In Fig. 1. dielectric sheets 310a, 310b, 310c, 310d, 310e, 310f, 310g, 310h are made of low temperature baking dielectric ceramics, and as dielectric materials, for example, Bi-Ca-Nb-O ceramics with the dielectric constant of 58 and other ceramic materials that can be baked at 950 degrees C or less are used, and green sheets are formed. The inner electrodes for composing the strip line resonator electrodes 311a, 311b, 311c, input and output coupling capacity electrodes 313a, 313b, and loading capacity electrodes 314a, 314b are laminated with dielectric sheets and baked integrally, while printing with electrode patterns with metal paste of high electric conductivity such as silver, copper and gold. The outer electrodes of the shield electrodes 315a, 315b, side electrodes 316a, 316b, and 317a, 317b, 317c, 317d are baked later with metal paste in this embodiment.

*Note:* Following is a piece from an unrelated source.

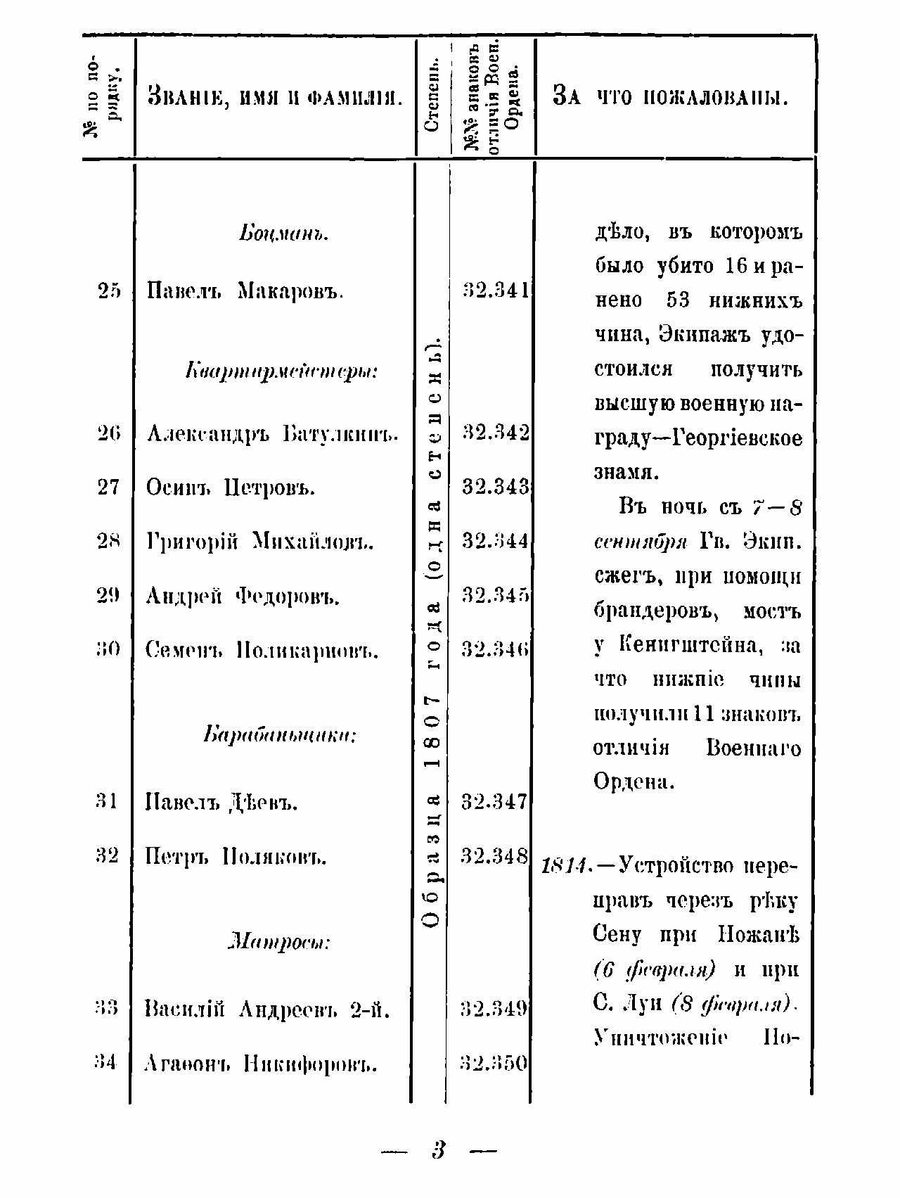 Список нижних чинов - Георгиевских кавалеров Гвардейского экипажа со времени его формирования в 1810 году

The thicknesses t₂, t₃, ..., t_n (n is the number of strip line resonators) of the dielectric sheet between the strip line resonator electrode layers, that is, the combined thickness of the dielectric sheets 310c and 310d, or the combined thickness of the dielectric sheets 310e and 310f is set differently from the thicknesses t₁, t_n+1 of the dielectric sheets between the strip line resonator electrode layer and shield electrode layer, that is, the combined thickness of the dielectric sheets 310a and 310b, or the combined thickness of the dielectric sheets 310g and 310h, and thereby a large coupling amount can be used without lowering the unloaded Q value of the resonator. More specifically, the maximum value of the thicknesses t₂ to t_n is set smaller than either thickness t₁ or t_n+1, and preferably the total of thicknesses t₂ to t_n is set smaller than either thickness t₁ or t_n+1. Moreover, when the number of strip line resonators is three or more, by equalizing all of thicknesses t₂ to t_n, the thickness of the dielectric sheet can be standardized to a specific value, so that the manufacturing cost can be lowered.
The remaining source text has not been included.